Paul Usoro and Co (“PUC”) through its Financial and Corporate Services Team successfully represented Mr. Ebong who was discharged of all the offences relating to Banking and Securities in Charge No. FHC/L/CS/296C/2009: FRN v Dr. Bartholomew Bassey Ebong & 5 Ors, at the Federal High Court (“FHC”), Lagos Judicial Division in a well-considered Ruling delivered on 17 October 2022, on a No Case Submission (“NCS”) filed on his behalf.

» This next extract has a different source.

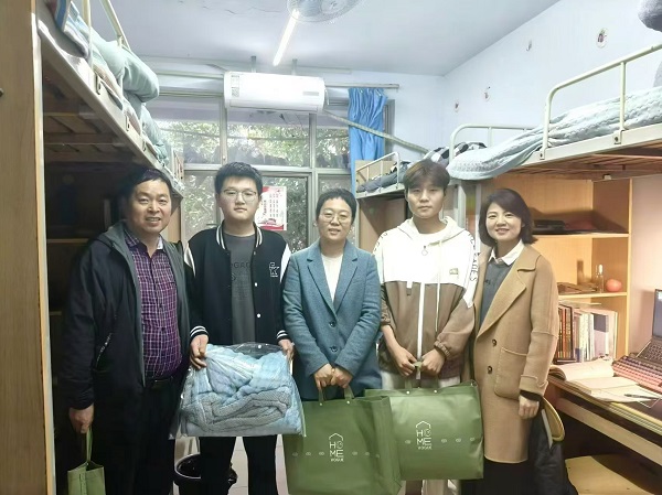 在桃李园学生公寓,院党委副书记郭娟等领导老师走进学生宿舍,将学院统一采购的毛毯等物资分批发放至有需要的学生手中,并嘱咐大家合理规划学业生活,自警自律,在大学的起步开头打好坚实基础。

The arrest and trial of Dr. Bartholomew Bassey Ebong-the erstwhile Managing Director of Union Bank of Nigeria Plc (“the Bank”) and the 1st Defendant in the above numbered Charge, which enjoyed widest publicity in both print and electronic media, started sometime in 2009. The 1st Defendant at the limelight of his career at the Bank and 5 Ors were, pursuant to a Joint Committee Report involving Central Bank of Nigeria (“CBN”) and the Nigeria Deposit Insurance Corporation (“NDIC”), investigated by the Economic and Financial Crimes Commission (“EFCC”), and arraigned for an alleged offence bordering on grant and approval of credit facilities to the tune of N30,477,210,000.00 (Thirty Billion, Four Hundred and Seventy Seven Million, Two hundred and Ten thousand Naira) to the Bank’s subsidiary -Union Trustee Limited (“UTL”); N3,315,000,000.00 (Three Billion, Three Hundred and Fifteen Million Naira) to Falcon Securities Ltd in excess of the paid-up capital of the Bank; N3,400,000,000.00 (Three Billion, Four Hundred Million Naira) to Union Capital Markets Ltd; N2,600,000,000.00 (Two Billion, Six Hundred Million Naira) to Damnaz Cement Company Ltd through Union Capital Markets inter alia which were  in contraventions of the  regulations, circulars or procedure of the Bank and were deemed to have committed offences contrary to Section 15(1)(c), 19(4) of the Failed Banks (Recovery of Debts) and Financial Malpractices in Banks Act, Cap F2 Laws of the Federation of Nigeria 2004 and punishable under Section 16(1)(a) of the same Act, Sections 105(1)(a) , 106(1), 110(b) of the Investment and Securities Act 2007. The 1st Defendant was equally arraigned for having allegedly caused to be created or created a misleading appearance of active trading in the securities of Union Bank, whose shares were traded on the floor of Nigerian Stock Exchange with intent to mislead the public and mop-up the shares of the Bank at the Stock Exchange as well as conspiracy to commit the said offences which were in contraventions to the above referred Laws.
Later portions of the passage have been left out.